Perdona la mala letra y las faltas de ortografía; es que yo me canso de escribirte y ahora le estoy dictando a tu padre y ya sabes lo burro que es. Y hablando de tu padre, ¡qué orgulloso está!. Te cuento que ahora tiene un buen trabajo, tiene 500 personas por debajo de él; es el nuevo sepulturero municipal. El otro día leyó en el periódico que, según las encuestas, la mayoría de los accidentes ocurren a un kilómetro de casa, así que nos mudamos más lejos. No vas a reconocer la casa; el sitio es muy guapo y hasta tengo lavadora, aunque no estoy segura de que funcione. Ayer metí la ropa, tiré de la cadena y desde ese momento no la volví a ver.

Tu hermana Julia, la que se casó con su marido, parió. Como todavía no sé de qué sexo es, no puedo decirte si eres tío o tía. Si es niña van a llamarla como yo. Ella, a tu hermana la llamará mamá.

La otra hermana, Pilar, esta embarazada de cinco meses.Tu padre tan desconfiado como siempre le preguntó si estaba segura de que era de ella.

Y por último, tu hermano Juan sigue tan despistado como siempre; el otro día cerró el coche, dejo las llaves dentro y tuvo que ir tres km. para allá y tres km. para acá, hasta casa, a por el duplicado, para poder sacarnos a tu padre y a mi de dentro del coche. Tu primo Paco se casó y pasa toda la noche rezándole a la mujer porque le dijeron que era virgen. A quien nunca más vimos por aquí es al tío Carlos, el que murió el año pasado. Ahora el que nos tiene preocupados es tu perro; está empeñado en correr detrás de los coches que están parados.

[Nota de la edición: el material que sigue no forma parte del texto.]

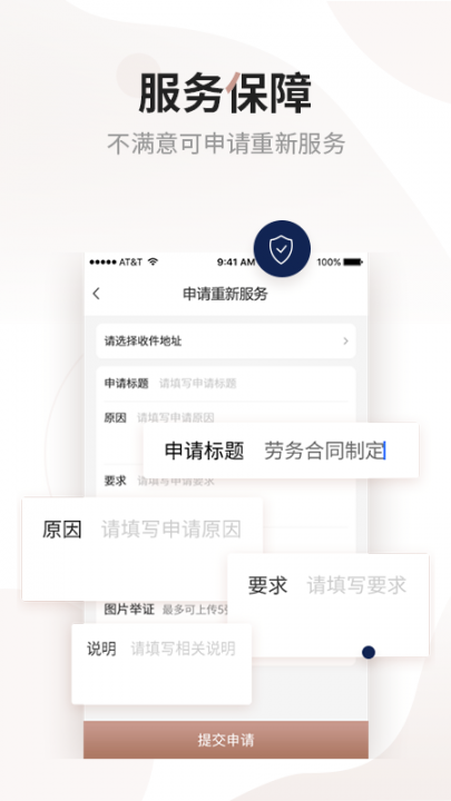 拟订审核合同,代写文书,案件委托,约见律师,律师函等。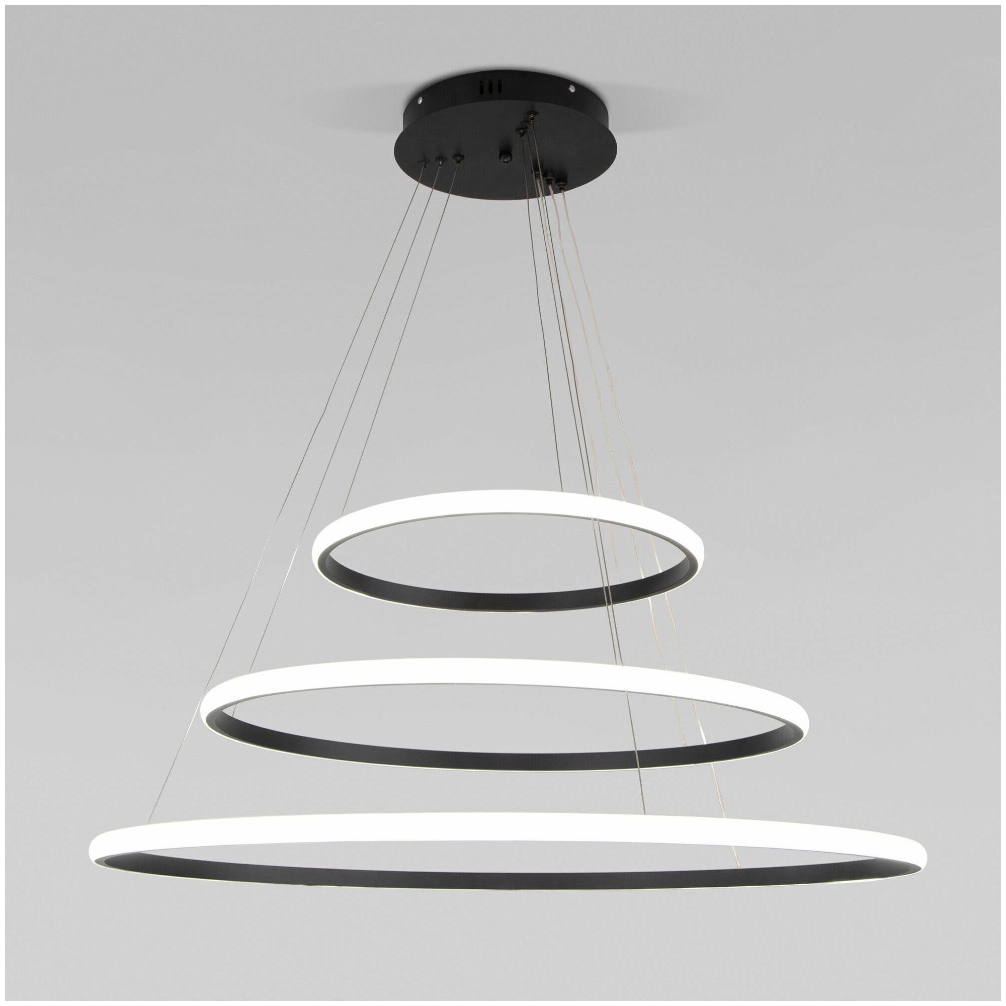 Подвесной LED светильник Eurosvet 90264/3 Collars черный, с пультом управления и с регулировкой яркости поможет создать качественное освещение на площади 28 м. кв. и дополнить современный интерьер. Светильник выполнен из металла, устойчивого к механическим повреждениям и истиранию. Источник света - встроенные энергоэффективные и ультраяркие SMD – светодиоды мощностью 155 Вт, создающие световой поток 11500 лм. Благодаря нестандартной конструкции светильника, создается впечатление, будто он парит под потолком. Светильник комплектуется эргономичным пультом дистанционного управления, с помощью которого можно изменять яркость и цветовую температуру, доступную в трех значениях: 3300, 4200 и 6500 К. Подвесной светодиодный светильник подходит для установки на любые поверхности, в том числе подходит для натяжных и подвесных потолков. Возможность регулировки яркости и температуры, а также функция регулировки высоты (мин. – 53 см; макс. – 135 см.), настройка индивидуального расположения колец и угла наклона, позволят каждому создать абсолютно персональный дизайн светильника и завершить создание идеального интерьерного освещения. Серия Collars – это оригинальные светильники в актуальном стиле минимализм. Максимальная простота конструкции делает серию Collars универсальным вариантом для домашнего, офисного или общественного интерьера практически в любом стиле. Данная серия светильников представлена в белом и черном цвете с 1, 2 и 3 кольцами. Гарантийный срок от производителя – 60 мес.

¿Recuerdas a tu amigo Antón? Ya no está en este mundo. Su padre murió hace dos meses y como había pedido ser enterrado en el lago, el pobre Antón murió cavando la poza en el fondo.

Bueno, hijo, no te pongo dirección de la carta porque no la sé. La gente que vivió aquí antes, se llevó los números para no tener que cambiar de domicilio. Si ves a doña Remedios salúdala de mi parte, y si no las ves no la digas nada.

Un abrazo. Te quiere, tu madre

P.D. Iba a mandarte 100 euros pero ya cerré el sobre.